Archery has launched me into the best life I have ever dreamed of. I remember as a little kid shooting at that first PSAA Indoor Nationals competition. I remember looking around at all of the people in the venue, thinking "This is the biggest competition ever!"---which of course I would learn later on that it was no where near the largest--- and I looked up to the top guys on our team thinking, "if only I could be just like them." I had no idea at that moment how far I would actually go in archery. Then years later, after all of my running around and shooting across the nation, that I went back to PSAA Indoor Nationals and shot for my first archery club. I began shooting and no, it wasn't my best scores that I was putting up, but I turned around one end and saw all of the little kids watching me. Then I had realized there and then that I had accomplished my very first goal. Suddenly I was the archer that all of the kids looked up to. I was the one that they thought, "I want to be like her!"
This was all because of one decision. One competition.
What my point is, is that at any point this year you could make a life altering decision. Not to scare you, this shouldn't be anything that scares you. For instance, this....
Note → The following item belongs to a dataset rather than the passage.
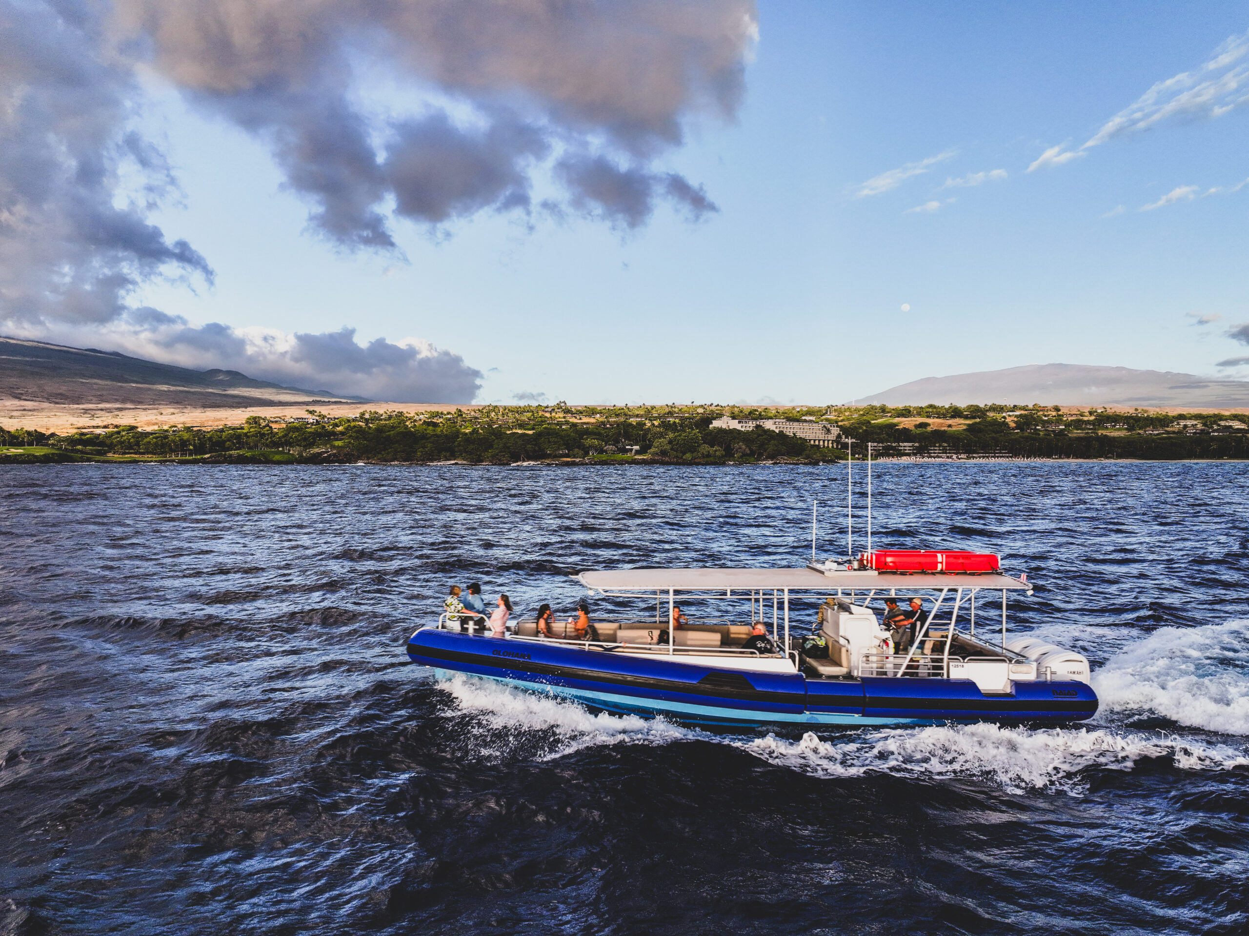Get ready for an unforgettable ocean adventure as we set off from Kawaihae Harbor on our custom-built 41′ RHIB (Rigid Hull Inflatable Boat) Olohana — designed for comfort, speed, and an up-close experience with the stunning Hawaiian coastline!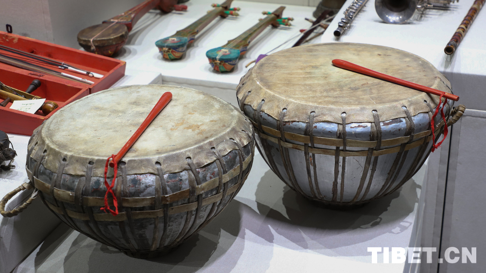 图为展出的铁质卡茹鼓 摄影:贾华加

This is the first group of targets that I have shot in 2020. A perfect score on this target is a 300. Now the target on the left is a 294. Now you would think, "oh that's a good score!" and for shooting bowhunter, that's actually a great score, but I have always wanted to shoot a perfect score with my bowhunter set up. Now in shooting this left target, I felt that I could shoot better, though my highest score has been a 295. I always knew that I could reach a 300, but in archery every point matters and sometimes, especially in the 295-300 score region, it takes every ounce of practice to make that five point difference. I decided to shoot another round. I felt that I could do better and I thought to myself, if I shoot another 294 or 295, then I am just shooting my average and that's great, but if I shoot better, then that would make my confidence even better! Well, then the second target happened... a 299! Now of course, that isn't a 300 like I wanted. It was all in the last arrow. The last arrow I dropped my only point, because I had realized I was one arrow away from accomplishing my goal.
Now sure, I didn't accomplish my goal yet, but I thought that I had gone into a rut only shooting 294s and 295s with the occasional 293. If I hadn't decided to shoot that second round, I would have never shot the 299. Then I would have never realized how close I actually was to achieving my goal. I would have still thought that I was stuck in my rut.
That was the second day of the new year and the new decade. What else will 2020 bring?
So make good decisions. Think about what you are doing, but make sure you can be relaxed about what you are doing. In the archery world, that's the true difference between the 295 and the 299 and then really that one arrow that separates the 299 from the 300. So be relaxed, be calm, and I can't wait to see what 2020 has in store and where the new decade will take us!
I just wanted to end on this little silly note. We have a chicken and she is almost a year old now and I thought to myself, "wow she hasn't even lived a year yet and she has already experienced two different decades!"